I think the crucial querstion is, "How large can we grow before local government truly ceases to be local?" We don't know because we're the only real democratic experiment in SL and we haven't grown yet. What I don't want to get lost in the growth process is the sense of our community as a 'neighborhood' I worry that even at 128K m2 and fiftyish citizens, we may lose that. My proposal to keep some authority at the sim level is in part about that maintenance of small communities.

As per the percentage of citizens required to be involved in the political system, it really is nearly a wash between the two proposals on the table except in the very short term. The very fact that either of these proposals are on the table is a sign that we are all thinking toward a medium to long term future where our system covers a handful of sims and perhaps 100 or 200 citizens.

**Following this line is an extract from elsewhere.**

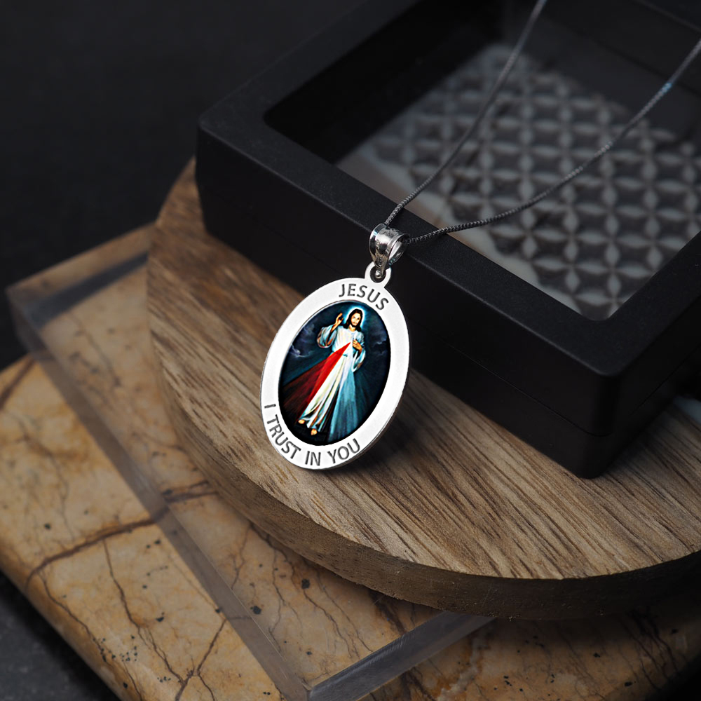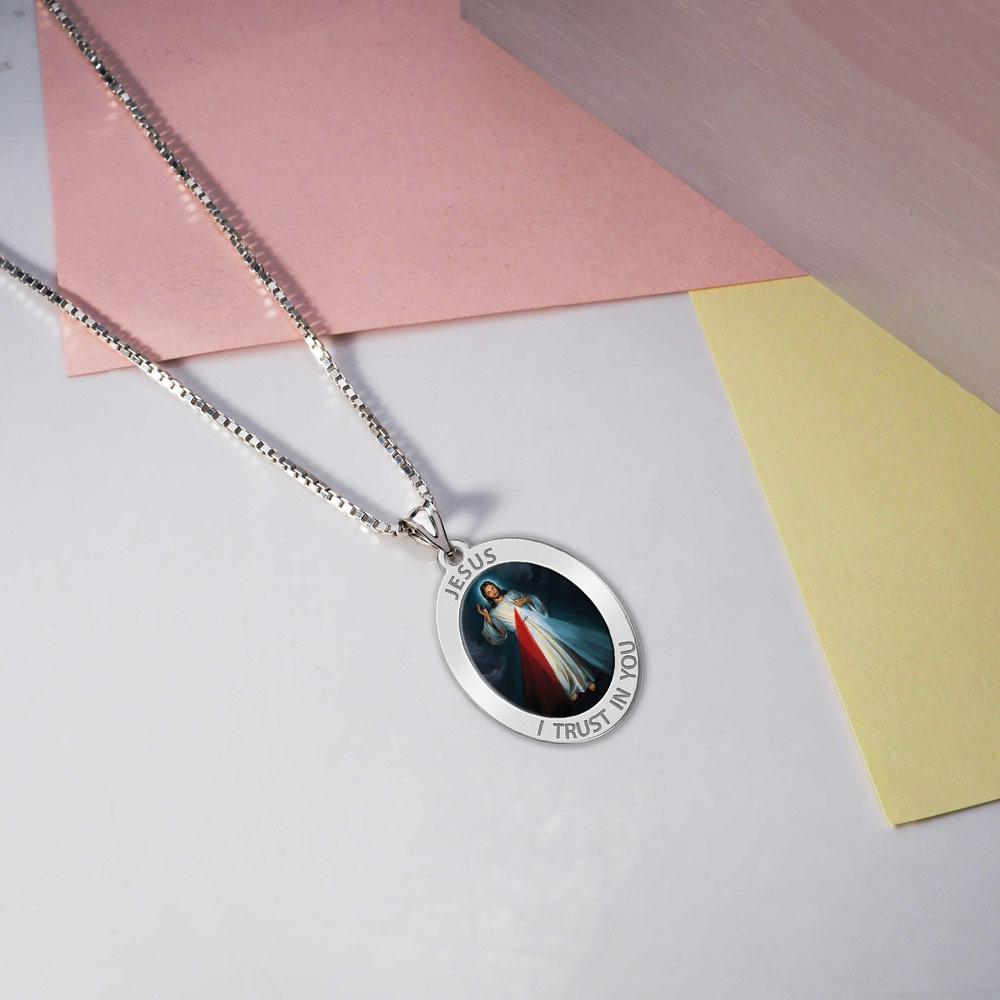 The front of the medal features the lord Jesus Christ and the back inscribes the words "Jesus I Trust In You."

I am torn in my thinking regarding the current RA. I like the faction system as it now stands, and feel the requirements for simultaneous ranking of faction members and for platforms contribute a great deal to the issue driven nature of our political life. On the other hand I am troubled by the exclusion from the legislative branch of those who don't want to involve themselves in the operations of a faction.

My discomfort with the CSDF proposal to add sim reps to the RA turns back to a centralization issue. The CSDF proposal keeps sim reps always in a minority, for one thing. Another part of it is my wanting Colonia Nova to be more than just Neufreistadt West, where Fachwerken and Lederhosen give way to insulae and togas. I believe allowing subunits some autonomy -- letting them find their own ways to solve problems -- will create a diversity which will strengthen rather than weaken us.